TASK DESCRIPTION: Output only the lines below from the one holding "200 Pesetas. 16" down to the one holding "The hood is", both end lines included and every picture dropped.

RECORDS SHOWN:

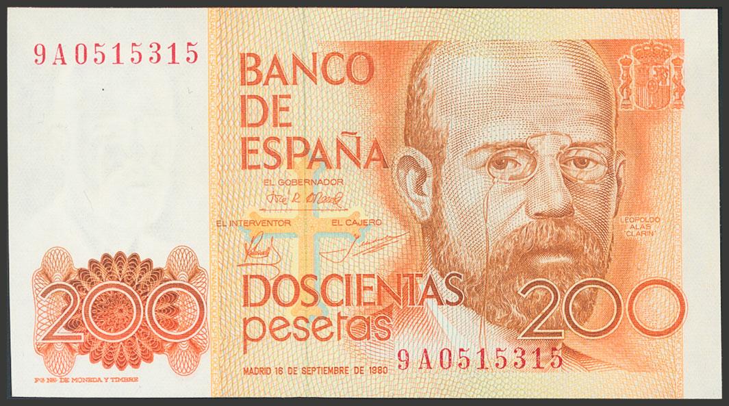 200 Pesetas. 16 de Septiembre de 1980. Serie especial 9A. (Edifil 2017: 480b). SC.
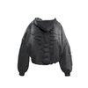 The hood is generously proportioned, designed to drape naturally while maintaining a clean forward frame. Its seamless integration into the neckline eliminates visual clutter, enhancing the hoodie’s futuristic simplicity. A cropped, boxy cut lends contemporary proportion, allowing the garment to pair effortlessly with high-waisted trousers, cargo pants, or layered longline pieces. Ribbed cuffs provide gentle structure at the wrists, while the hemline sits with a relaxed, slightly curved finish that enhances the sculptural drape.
...
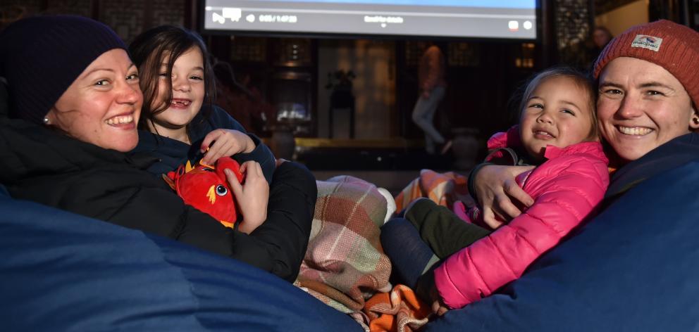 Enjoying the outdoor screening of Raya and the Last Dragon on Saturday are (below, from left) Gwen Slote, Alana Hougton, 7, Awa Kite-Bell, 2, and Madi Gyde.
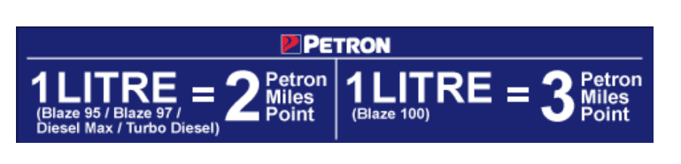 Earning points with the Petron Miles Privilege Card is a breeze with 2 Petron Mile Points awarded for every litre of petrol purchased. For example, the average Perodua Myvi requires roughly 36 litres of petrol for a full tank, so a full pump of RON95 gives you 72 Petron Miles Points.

SOLUTION TO THIS TASK:
 200 Pesetas. 16 de Septiembre de 1980. Serie especial 9A. (Edifil 2017: 480b). SC.
 The hood is generously proportioned, designed to drape naturally while maintaining a clean forward frame. Its seamless integration into the neckline eliminates visual clutter, enhancing the hoodie’s futuristic simplicity. A cropped, boxy cut lends contemporary proportion, allowing the garment to pair effortlessly with high-waisted trousers, cargo pants, or layered longline pieces. Ribbed cuffs provide gentle structure at the wrists, while the hemline sits with a relaxed, slightly curved finish that enhances the sculptural drape.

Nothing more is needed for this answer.